STREET DOGS
Ever felt an irrational distrust of a stranger on a bus? It could be because your unconscious is constantly making fast judgments — often accurate.
In the early 1990s Nalini Ambady and Robert Rosenthal at Stanford University asked volunteers to rate teachers on traits such as competence, confidence and honesty after watching 2-, 5- or 10-second silent clips of their performance. The scores successfully predicted the teachers’ end-of-semester evaluations and 2-second judgments were as accurate as those that took more time. Other experiments have shown similar accuracy on economic success and political affiliation. Unfortunately, no one has yet worked out what to do to pass yourself off as a winner. It seems to be an overall body signal that is both given out and picked up unconsciously, and is greater than the sum of its parts.
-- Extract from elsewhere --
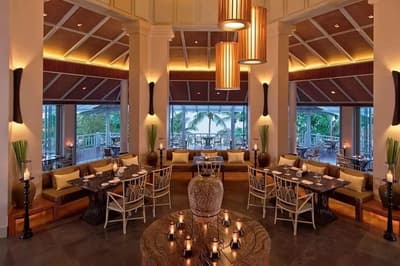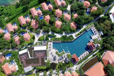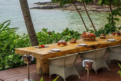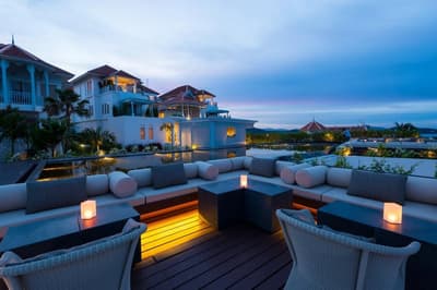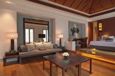 Le Cap Panwa prend ses distances avec les foules de touristes et c'est pile poil sur une plage de sable blanc que l'Amatara Wellness Resort vous invite à poser vos valises, au calme. Le complexe est immense mais ne manque pas de charme, entre ses escaliers en pierres grises, les tuiles orangées de ses toits typiquement thaïlandais et ses piscines encadrées de salas sur pilotis. Les chambres s'inspirent de la mer, du sable, de la pierre et du ciel et le sentiment d'apisement est enveloppant. Après avoir relâché les premières tensions en vous rendant compte que la vue sur la mer est superbe, respirez un grand coup les fragrances des jardins et faites quelques longueurs dans le petit bijou qu'est l'infinity pool. Oui, difficile de dissocier l'eau turquoise de l'horizon, mais très facile de réussir son premier selfie ! Le hammam aux carreaux de mosaïques argentées, les pavillons face au soleil pour faire votre yoga le matin ou encore la magnifique table en bois flotté pour déjeuner les pieds dans le sable font pencher la balance vers des vacances parfaites. Les restaurants sont aussi magnifiques les uns que les autres et s'ouvrent inlassablement sur l'océan, au travers de paravents couleur crème ou de portes martelées. Votre new daily routine s'achèvera chaque soir par un verre sur le rooftop du Sun & Moon, aux bassins couverts de galets.

This makes it very difficult to fake.
Our subconscious mind spends a great deal of time analysing the world, looking for patterns and relationships that help us navigate through life. The conclusions it comes to are called implicit assumptions — subtle prejudices about people and events. “Everybody has implicit assumptions,” says Brian Nosek, a psychologist at the University of Virginia. “They’re a necessary part of how the brain operates and they generally serve us very well.”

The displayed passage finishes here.